Key points:
The EURUSD pair moved lower as technical traders took control in a week lacking major economic news. The euro dipped below $1.0850, extending its decline from the $1.09 level.
This marks the second consecutive day of negative performance for the pair, which is now down approximately 100 pips from its mid-July peak of $1.0950, a high not seen since late March.
Pictures: EURUSD dips driven by technical analysis, as observed on the VT Markets app.
The shift in market sentiment has driven risk-averse traders toward the perceived safety of the US dollar. The American currency is seen as a stable store of value in the short term, particularly given its strong performance this year.
The US dollar index (Symbol: USDX) increased by about 3% in 2024, supported by favourable economic indicators such as persistent inflation and a robust job market.
Looking ahead, forex speculators are closely watching upcoming US economic data. The focus will be on the US GDP growth for the second quarter, reported on a quarterly basis.
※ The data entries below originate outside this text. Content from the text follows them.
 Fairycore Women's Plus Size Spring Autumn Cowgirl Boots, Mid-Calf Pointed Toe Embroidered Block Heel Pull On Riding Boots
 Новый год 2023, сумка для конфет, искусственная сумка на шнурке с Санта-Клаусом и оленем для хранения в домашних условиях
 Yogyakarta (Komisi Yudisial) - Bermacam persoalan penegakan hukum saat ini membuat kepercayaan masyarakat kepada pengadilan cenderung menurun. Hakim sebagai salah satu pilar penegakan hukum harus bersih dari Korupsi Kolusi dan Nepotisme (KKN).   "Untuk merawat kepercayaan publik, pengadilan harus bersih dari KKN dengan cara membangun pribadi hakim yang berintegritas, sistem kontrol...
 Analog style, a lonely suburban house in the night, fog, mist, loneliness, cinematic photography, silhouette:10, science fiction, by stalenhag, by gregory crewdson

This data is crucial as it provides insight into the overall economic health and potential future monetary policy decisions by the Federal Reserve.
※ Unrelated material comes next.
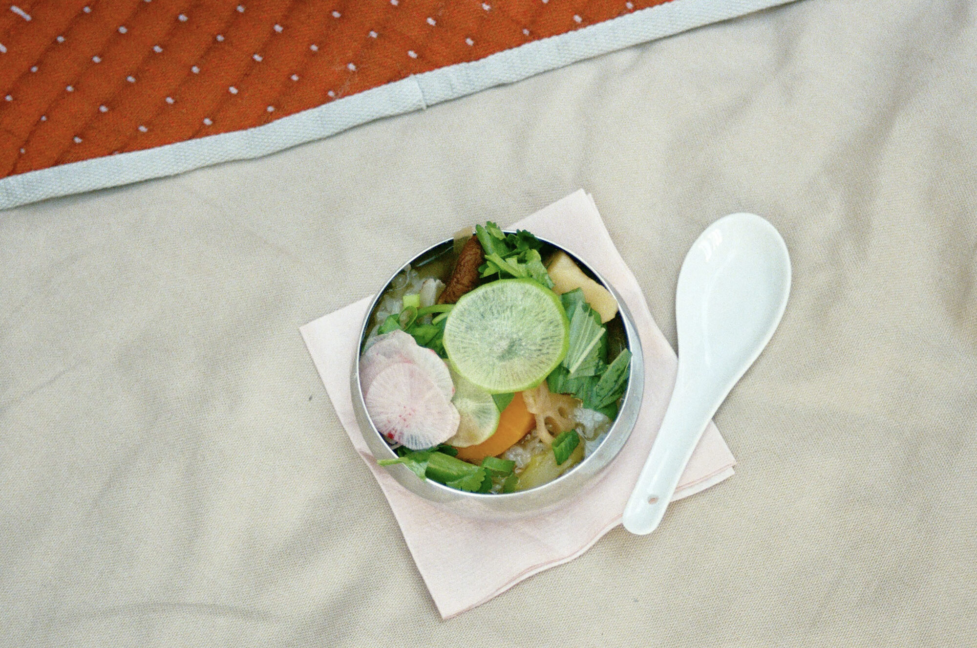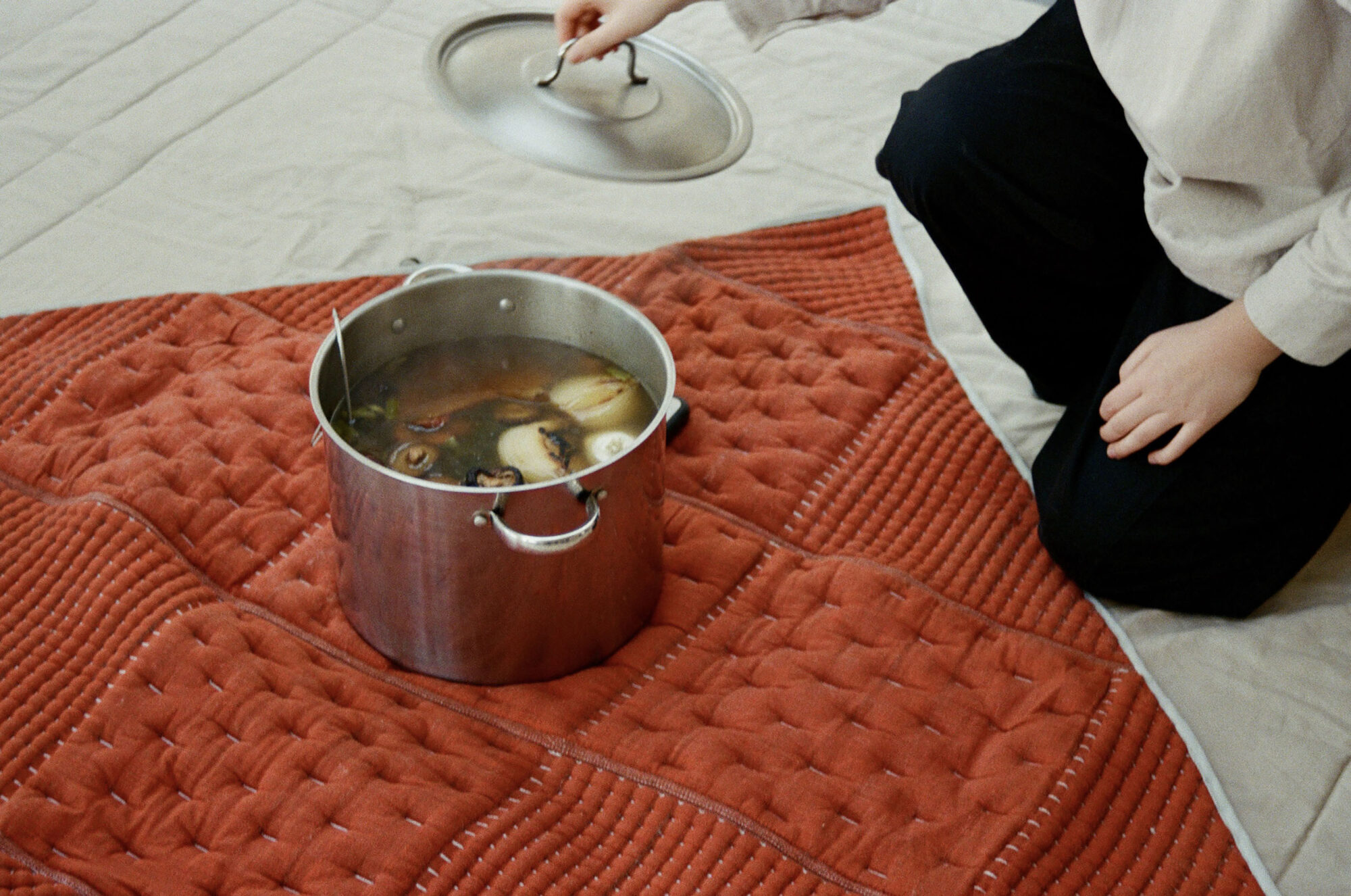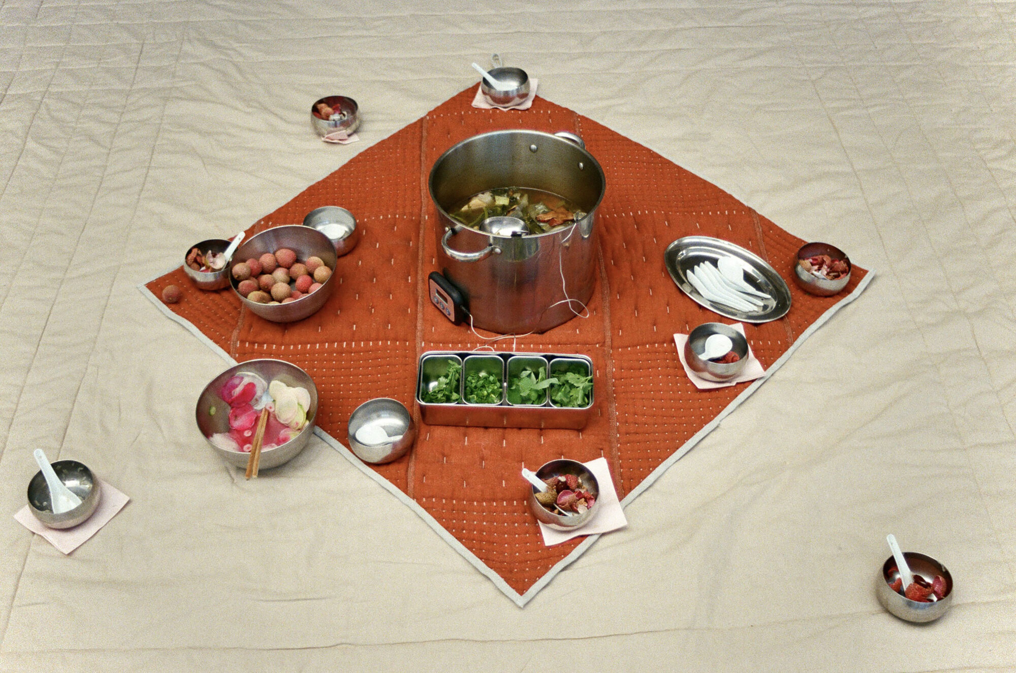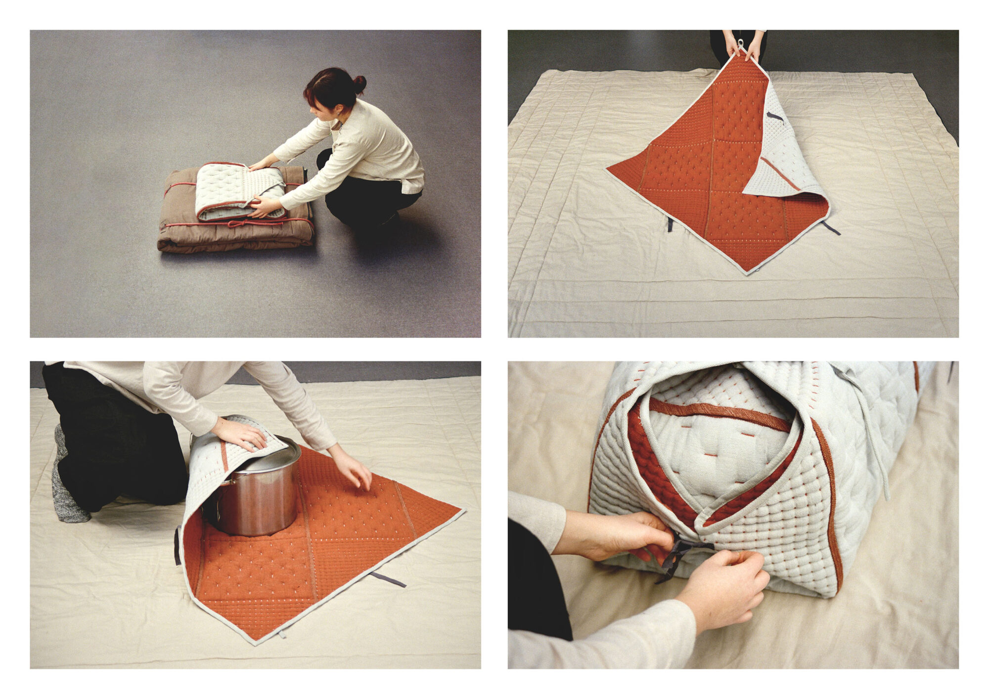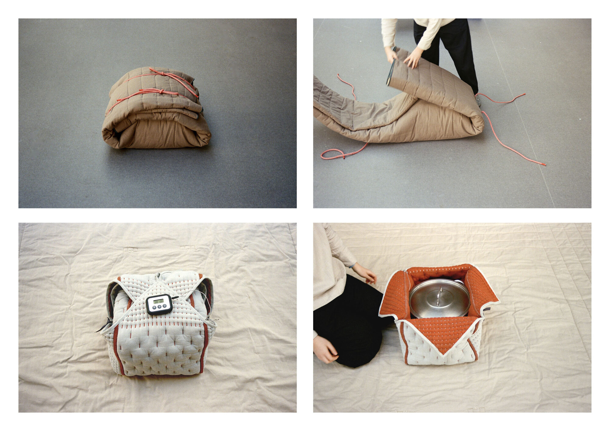 Aux origines du foyer, la chaleur rassemble. Une invitation à un repas cuisiné met en scène cette chaleur dans l’espace. Inspiré du principe de la marmite à isolation thermique, le repas est cuit puis enveloppé pour en conserver la température et poursuit lentement sa cuisson en hibernation. Une fois déployées, les enveloppes de laine diffusent la chaleur et dessinent au sol un foyer autour duquel se réunir.

Up next, the market will turn its attention to the preferred inflation measure of the Federal Reserve – the Personal Consumption Expenditures (PCE) price index. Economists anticipate a reading of 2.6% for June, consistent with the pace in May.
These data releases are expected to introduce volatility into the market, potentially influencing the EURUSD pair’s direction.
The recent dip in the EURUSD pair offers potential entry points for those anticipating a rebound. However, traders should remain cautious and closely monitor the upcoming US economic data, which could significantly impact market movements.
Technical analysis will continue to play a critical role in navigating the current market conditions, with key support and resistance levels providing guidance for trading decisions.